¹H-NMR (400 MHz, DMSO-d₆, ppm): δ 7.39–7.45 (m, 2H, Ar-H), 7.76 (d, 1H, J = 7.6 Hz, Ar-H), 8.44 (d, 1H, J = 8.0 Hz, Ar-H), 9.16 (s, 1H, CH, Ar-H); ¹³C-NMR (100 MHz, DMSO-d₆, ppm): δ 116.2, 119.8, 125.3, 131.1, 142.7, 143.6, 161.8, 163.4.

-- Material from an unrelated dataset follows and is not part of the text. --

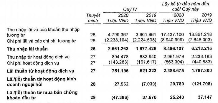 Tương tự, trong quý 4/2020, hầu hết các hoạt động kinh doanh của VietBank đều không mấy khả quan. Trong đó, hoạt động chính sụt giảm đến 72% so với cùng kỳ, chỉ còn gần 86 tỷ đồng thu nhập lãi thuần.

Compound 3 was reacted with morpholine to obtain the target product as follows: 2-(benzimidazol-1-yl)-4,6,-dichloro-s-triazine 3 (10 mmol) was stirred with morpholine (20 mmol) in 10 mL DMF in the presence of K₂CO₃ (22 mmol) at room temperature for 4 h and then heated at 80 °C overnight. The reaction mixture was poured into an ice-water mixture and the product was filtered, washed with ethanol and dried, to afford the target product BMBIT as a white solid with a 91% yield, mp. 223–225 °C (Lit. [39], yield 98%, mp.222–224 °C). Anal. Calc. C₁₈H₂₁N₇O₂: C, 58.84; H, 5.76; N, 26.69%. Found: C, 58.65; H, 5.64; N, 26.52%. IR (KBr, cm⁻¹): 3126 ν(C–H), 3058 ν(C–H), 2994 ν(C–H), 2903 ν(C–H), 1600 ν(C=N), 1580 ν(C=N), 1498 ν(C=C).

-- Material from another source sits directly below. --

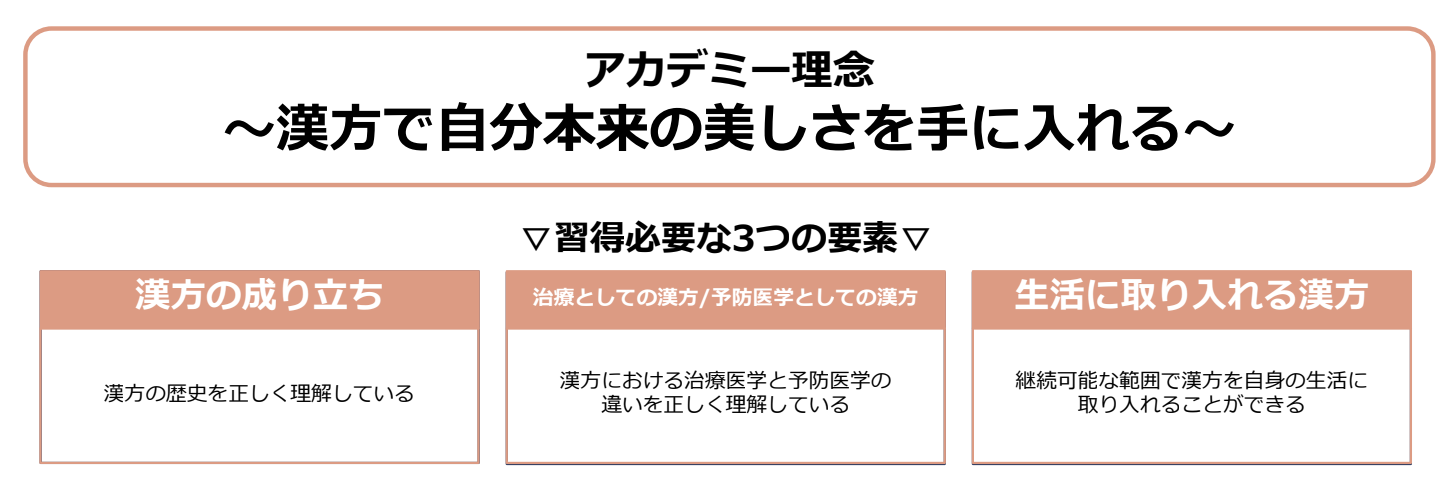 一般的に漢方と聞くと漢方薬を思い浮かべる方が多く、漢方が持つ様々な効果・効能、活かし方を理解できてない方が多くいます。中国最古の医学書と呼ばれる「⻩帝内経」には皮膚トラブルや老化に対する効能が書かれているなど、当時の医学では外観の美しさは身体の健康と捉えることから美容との結び付きが非常に強い学問になっています。その歴史は2200年以上とも言われ、王宮に住まう皇帝や皇后のために研究されてきたものです。そんな古くから伝わる老化の予防医学である漢方を正しく理解、活用いただきたく本アカデミーの開講に至りました。

3.3. Synthesis of [Co(BMBIT)₂(H₂O)₄](ClO₄)₂*H₂O Complex

Co(ClO₄)₂.6H₂O (47.6 mg, 0.2 mmol) in 7 mL ethanol was mixed with an 8 mL ethanolic solution of organic ligand BMBIT (145.3 mg, 0.4 mmol). The resulting brown solution was allowed to evaporate slowly and crystallize at room temperature. After 1 week, reddish-brown crystals of [Co(BMBIT)₂(H₂O)₄](ClO₄)₂*H₂O complex were collected by filtration.

[Co(BMBIT)₂(H₂O)₄](ClO₄)₂*H₂O complex: Anal. Calc. C₃₆H₅₂Cl₂CoN₁₄O₁₇: C, 39.93; H, 4.84; N, 18.11; Co, 5.44%. Found: C, 39.70; H, 4.78; N, 17.98; Co, 5.37%. IR (KBr, cm⁻¹): 3113 ν(C–H), 3000 ν(C–H), 2969 ν (C–H), 2912 ν (C–H), 1584 ν(C=N), 1571 ν(C=N), 1497 ν(C=C), 1107 ν(Cl–O), 1073 ν(Cl–O).

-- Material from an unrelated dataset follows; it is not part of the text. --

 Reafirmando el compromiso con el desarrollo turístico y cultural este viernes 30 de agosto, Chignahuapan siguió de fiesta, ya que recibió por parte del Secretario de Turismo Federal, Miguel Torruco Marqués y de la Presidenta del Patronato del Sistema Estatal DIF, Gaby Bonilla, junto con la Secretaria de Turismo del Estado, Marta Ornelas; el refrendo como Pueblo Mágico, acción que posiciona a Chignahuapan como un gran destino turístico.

3.4. Crystal Structure Determination

The crystal of the Co(II) complex was determined as described Method S1 in Supplementary Materials [41,42,43,44]. The crystallographic details are summarized in

Table 5. Crystal data and refinement parameters.

CCDC	2266666
empirical formula	C36H52Cl2CoN14O17
fw	1082.74
temp (K)	120(2)
λ(Å)	1.54184
cryst syst	Monoclinic
space group	P21/c
a (Å)	22.21971(11)
b (Å)	8.86743(4)
c (Å)	24.38673(12)
β (deg)	113.4401(6)
V (Å3)	4408.44(4)
Z	4
ρcalc (Mg/m3)	1.631
μ(Mo Kα) (mm−1)	4.967
No. reflns.	125499
Unique reflns.	9260
Completeness to θ = 67.684°	99.9%
GOOF (F2)	1.036
Rint	0.0300
R1a (I ≥ 2σ)	0.0314
wR2b (I ≥ 2σ)	0.0841

^a R₁ = Σ||F_o| − |F_c||/Σ|F_o|. ^b wR₂ = {Σ[w(F_o² − F_c²)²]/Σ[w(F_o²)²]}^1/2.

.

3.5. Hirshfeld Analysis

The Crystal Explorer Ver. 3.1 program [45] was used to perform this analysis.

3.6. Antimicrobial Assay

The antibacterial activity is declared in Supplementary Materials (Method S1) [46].

4. Conclusions

A new [Co(BMBIT)₂(H₂O)₄](ClO₄)₂*H₂O complex was synthesized by self-assembly of Co(II) perchlorate and 4,4′-(6-(1H-benzo[d]imidazol-1-yl)-1,3,5-triazine-2,4-diyl) dimorpholine (BMBIT) in ethanol. The three-dimensional structure and crystal-packing structure aspects of the [Co(BMBIT)₂(H₂O)₄](ClO₄)₂*H₂O complex were analyzed using single-crystal X-ray diffraction. The Co(II) is hexa-coordinated with a CoN₂O₄ coordination sphere. All ligand groups (BMBIT and H₂O) are monodentate and the cationic complex is monomeric with a distorted octahedral coordination geometry in the coordination sphere. The O···H, N···H, C···H, C···O, C···N and H···H intermolecular contacts contributed by 27.5, 7.9, 14.0, 0.9, 2.8 and 43.5%, respectively, in the supramolecular structure of the Co(II) complex. The [Co(BMBIT)₂(H₂O)₄](ClO₄)₂*H₂O complex has broad-spectrum antimicrobial action compared to the free BMBIT ligand. Mechanistic investigation of the biological activity will be considered in our future work.